▶ **Recorded information**

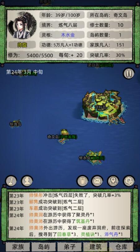 《修仙家族模拟器》这个游戏充满了非常魔幻的仙侠色彩,是一款非常有趣的文字修仙题材游戏。玩家可以在这里感受到浓浓的仙侠气息,可以在这里成为侠客,开启修仙之旅,玩家在修仙过程中遇到各种困难和挑战,不断增强自己的能力,开创前所未有的修仙体系,让你成为修仙者的领袖。
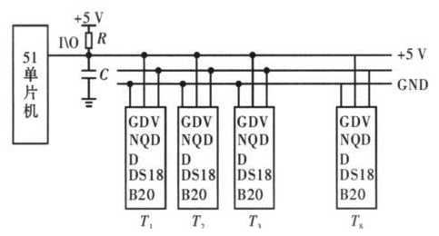 針對串聯(lián)電池組,傳統(tǒng)的測溫方法多采用模擬溫度傳感器進行測量,在數據的采集和傳輸過程中易受外界環(huán)境的干擾,從而使測得的結果誤差較大,且當測量點較多時,連線較復雜。文中采用單片機和單總線數字式溫度傳感器DS18B20 來解決上述問題。其原理如圖5 所示。
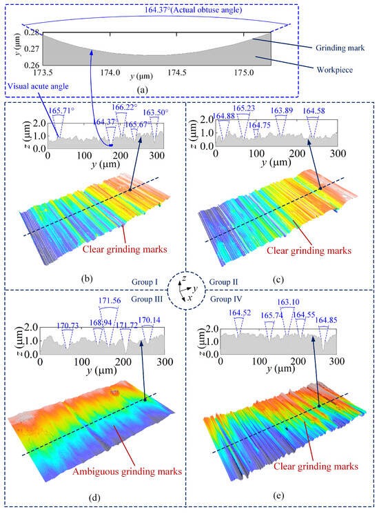 To evaluate the workpiece surface quality, 30 grinding marks with clear edges were extracted from the ground surface of each group, and the vertex angles of the grinding marks were measured. The average vertex angles of the grinding marks in Groups I, II and IV are 164.97°, 164.09° and 165.45°, respectively. The standard deviations of measurement are less than 2.5°. However, the average vertex angle in Group III expanded to 170.49°, which is larger than the values of the other groups. Note that all the measured vertex angles are greater than 90° in Figure 13. But the vertex angles are shown as acute angles in Figure 13b–e because the scale of the y-axis is much larger than the scale of the z-axis. The vertex angle is changed to the correct visual obtuse angle when the scales of the z-axis and y-axis are under the same order of magnitude, as shown in Figure 13a.
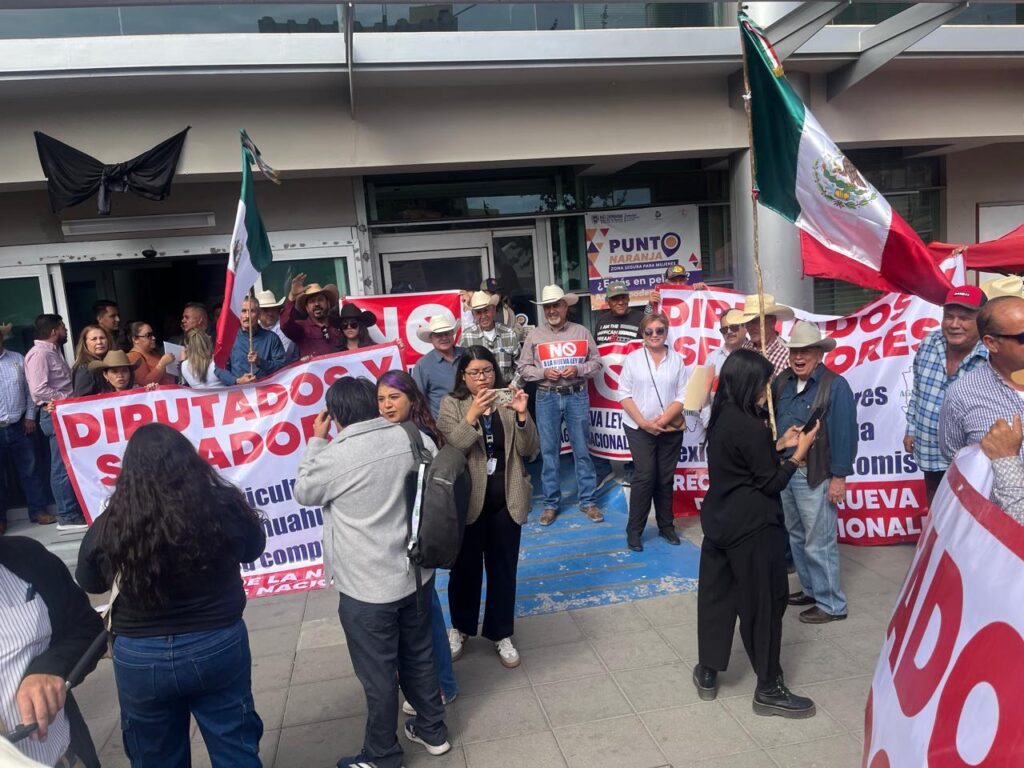 El grupo de inconformes contra el nuevo marco legal se manifestó este martes 18 de noviembre en la Plaza de Armas, justo frente a la Torre Legislativa del Congreso del Estado, en demanda de que los legisladores locales escuchen sus peticiones y contribuyan a frenar la reforma que, aseguran, perjudicará a miles de familias productoras.

▶ **What is needed**
Nothing but the lines from the beginning of the material above through the line containing "To evaluate the" should appear in the answer, copied exactly and free of pictures.

▶ **Written reply**
 《修仙家族模拟器》这个游戏充满了非常魔幻的仙侠色彩,是一款非常有趣的文字修仙题材游戏。玩家可以在这里感受到浓浓的仙侠气息,可以在这里成为侠客,开启修仙之旅,玩家在修仙过程中遇到各种困难和挑战,不断增强自己的能力,开创前所未有的修仙体系,让你成为修仙者的领袖。
 針對串聯(lián)電池組,傳統(tǒng)的測溫方法多采用模擬溫度傳感器進行測量,在數據的采集和傳輸過程中易受外界環(huán)境的干擾,從而使測得的結果誤差較大,且當測量點較多時,連線較復雜。文中采用單片機和單總線數字式溫度傳感器DS18B20 來解決上述問題。其原理如圖5 所示。
 To evaluate the workpiece surface quality, 30 grinding marks with clear edges were extracted from the ground surface of each group, and the vertex angles of the grinding marks were measured. The average vertex angles of the grinding marks in Groups I, II and IV are 164.97°, 164.09° and 165.45°, respectively. The standard deviations of measurement are less than 2.5°. However, the average vertex angle in Group III expanded to 170.49°, which is larger than the values of the other groups. Note that all the measured vertex angles are greater than 90° in Figure 13. But the vertex angles are shown as acute angles in Figure 13b–e because the scale of the y-axis is much larger than the scale of the z-axis. The vertex angle is changed to the correct visual obtuse angle when the scales of the z-axis and y-axis are under the same order of magnitude, as shown in Figure 13a.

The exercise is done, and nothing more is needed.